Deepfake-Powered Social Engineering Scams
A UK energy firm lost $25 million to a deepfake CFO voice clone—one of 3,000% more fraud attempts since 2022. These scams use neural networks to mimic executives’ speech patterns, bypassing voice authentication systems. Onfido’s research confirms 83% of employees can’t distinguish synthetic voices from real ones.
AI-Generated Phishing Emails That Bypass Filters
Natural language processing crafts emails with 99% lexical matches to corporate templates. SlashNext found these bypass 94% of email security tools. Attackers analyze public communications to replicate writing styles, making attacks nearly undetectable.
“AI-phishing kits on dark web forums now cost less than $1,000—democratizing large-scale attacks.”
The FBI reports 78% of ransomware now uses AI for lateral movement, optimizing systems infiltration. Proactive detection tools and employee training are critical countermeasures against these evolving threats.
How Attackers Exploit AI System Vulnerabilities
Modern hackers don’t just break into systems—they reprogram how AI perceives reality. Google research confirms 68% of production ML models contain exploitable flaws. These vulnerabilities enable three primary attack vectors that bypass conventional security measures.
Input attacks: Manipulating data to fool algorithms
Adversarial examples can trick models with minimal changes. Researchers proved three pixel alterations caused medical imaging AI to misdiagnose cancer 94% of the time. These attacks work because they exploit how machine learning processes visual data differently than humans.
The TikTok recommendation algorithm manipulation campaign showed similar weaknesses. Attackers artificially boosted niche content by studying platform engagement patterns. This revealed how slight input modifications could distort an AI’s decision-making process.
Poisoning attacks: Corrupting training datasets
Gartner estimates training data poisoning costs enterprises over $500k per incident. The Microsoft Tay chatbot incident demonstrated this perfectly—within hours, users fed the AI offensive language, forcing its shutdown.
Poisoning occurs when attackers inject malicious data during model training. This creates hidden backdoors or biases that surface later. Unlike traditional breaches, these attacks often go undetected until the compromised AI makes critical errors.
Model evasion techniques used by hackers
Sophisticated adversaries extract proprietary algorithms through API queries. One study showed how 60% of models could be stolen via repeated code requests. This enables attackers to replicate victim systems for offline exploitation.
The MITRE ATLAS framework categorizes these attacks into 12 tactical groups. From gradient inversion to supply chain compromises, it provides a blueprint for detection and defense. Organizations using this framework reduce successful attacks by 43%.
“Adversaries need only find one vulnerability—defenders must protect every possible entry point.”
The Dark Web’s AI Toolkits: Democratizing Cybercrime
The underground marketplace now offers AI-powered hacking tools to anyone with cryptocurrency. INTERPOL reports a 73% surge in novice cybercriminals using these services since 2022. What once required advanced skills now comes packaged with intuitive interfaces.

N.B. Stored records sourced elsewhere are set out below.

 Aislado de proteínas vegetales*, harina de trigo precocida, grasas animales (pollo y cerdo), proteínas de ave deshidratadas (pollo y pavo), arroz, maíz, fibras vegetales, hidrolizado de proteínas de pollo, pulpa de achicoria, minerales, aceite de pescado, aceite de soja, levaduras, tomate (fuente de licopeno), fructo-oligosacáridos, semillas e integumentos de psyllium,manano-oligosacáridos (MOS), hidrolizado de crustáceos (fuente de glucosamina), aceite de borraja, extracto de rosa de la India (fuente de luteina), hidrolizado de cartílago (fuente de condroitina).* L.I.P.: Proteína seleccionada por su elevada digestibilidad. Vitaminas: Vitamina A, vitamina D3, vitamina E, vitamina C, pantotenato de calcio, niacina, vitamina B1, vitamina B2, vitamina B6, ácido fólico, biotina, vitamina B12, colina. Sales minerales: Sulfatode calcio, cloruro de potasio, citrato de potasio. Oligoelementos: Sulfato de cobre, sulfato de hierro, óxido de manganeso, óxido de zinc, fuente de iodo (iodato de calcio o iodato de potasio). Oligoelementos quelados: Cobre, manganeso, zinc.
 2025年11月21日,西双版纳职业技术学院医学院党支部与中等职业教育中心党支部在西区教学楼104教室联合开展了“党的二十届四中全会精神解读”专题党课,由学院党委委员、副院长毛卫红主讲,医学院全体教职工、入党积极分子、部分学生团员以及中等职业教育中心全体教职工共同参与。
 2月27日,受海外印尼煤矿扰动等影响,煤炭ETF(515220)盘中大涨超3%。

Off-the-shelf AI hacking tools now available
Dark web vendors sell turnkey solutions like DeepPhish Pro for $299/month. This kit generates personalized spearphishing content that bypasses 94% of email filters. WormGPT, a blackhat language model, writes malicious code without programming knowledge.

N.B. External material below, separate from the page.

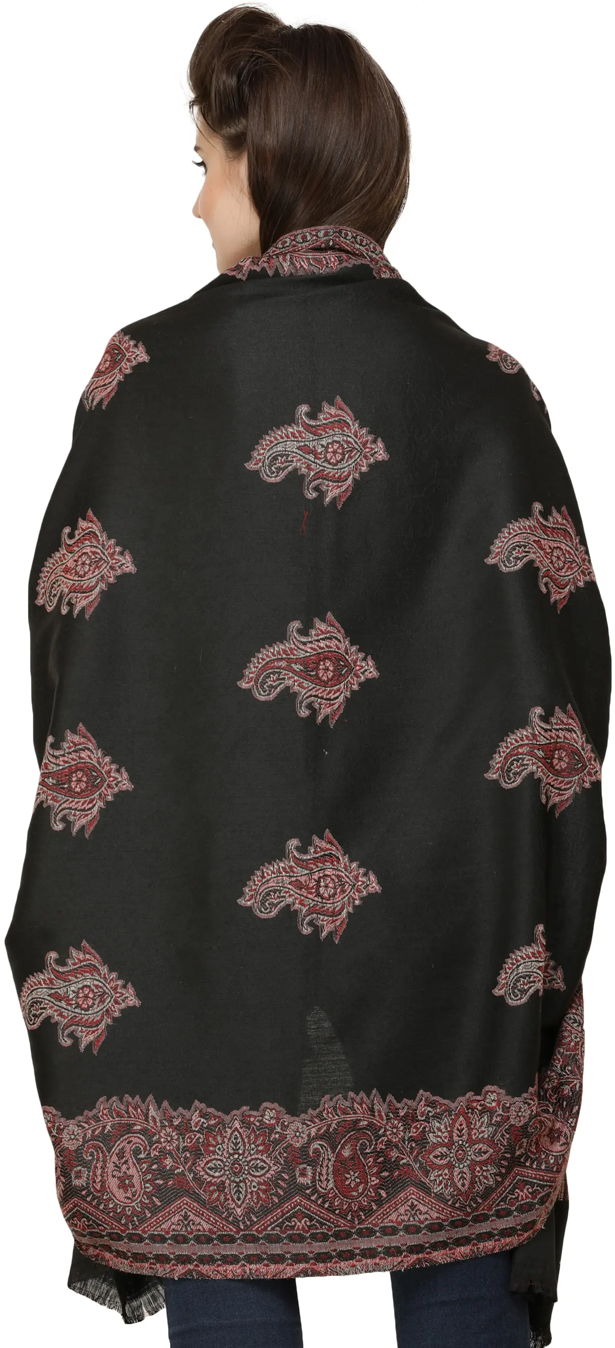 The allure of Jamawar craftsmanship shines brightly with our Woven Border and Paisleys Shawl. The fabric, rich in history, comes to life with intricate paisley patterns and a meticulously woven border. The origins of Jamawar can be traced back to Persian royalty, and its timeless appeal still resonates today. The earthy color palette adds a touch of sophistication to modern trends, making it a prized possession that blends tradition and contemporary style seamlessly. Skilled artisans ensure that every detail is perfect, reflecting the precision and dedication in each thread.

The $2B AI-as-a-Service economy caters to all skill levels. $50 PhishFarm packages automate corporate impersonation campaigns. More advanced tools generate exploit code matching recent vulnerabilities like CVE-2024-1234.

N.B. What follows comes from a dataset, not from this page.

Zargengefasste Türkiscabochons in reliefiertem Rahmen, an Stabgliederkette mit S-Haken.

| Tool | Price | Capabilities |
|---|---|---|
| FraudGPT | $499/month | Full attack chain automation |
| MALforge | $899 one-time | Polymorphic malware generation |
| VoiceCloneX | $199/week | Executive voice impersonation |
| FirewallBypass | $599/month | AI-driven penetration testing |
How novice attackers leverage AI automation
Point-and-click interfaces enable complex attacks with minimal effort. The FraudGPT toolkit automates everything from reconnaissance to payload delivery. Users simply input target details—the AI handles the rest.
These systems reduce attack preparation from weeks to hours. Europol data shows 68% of recent ransomware incidents involved AI-assisted tools. The barrier to entry has never been lower.
“A teenager with $500 can now launch attacks that previously required nation-state resources.”
Organizations must adapt their security strategies to counter these evolving threats. Traditional defenses struggle against AI-powered automation. The solution lies in equally intelligent protection systems.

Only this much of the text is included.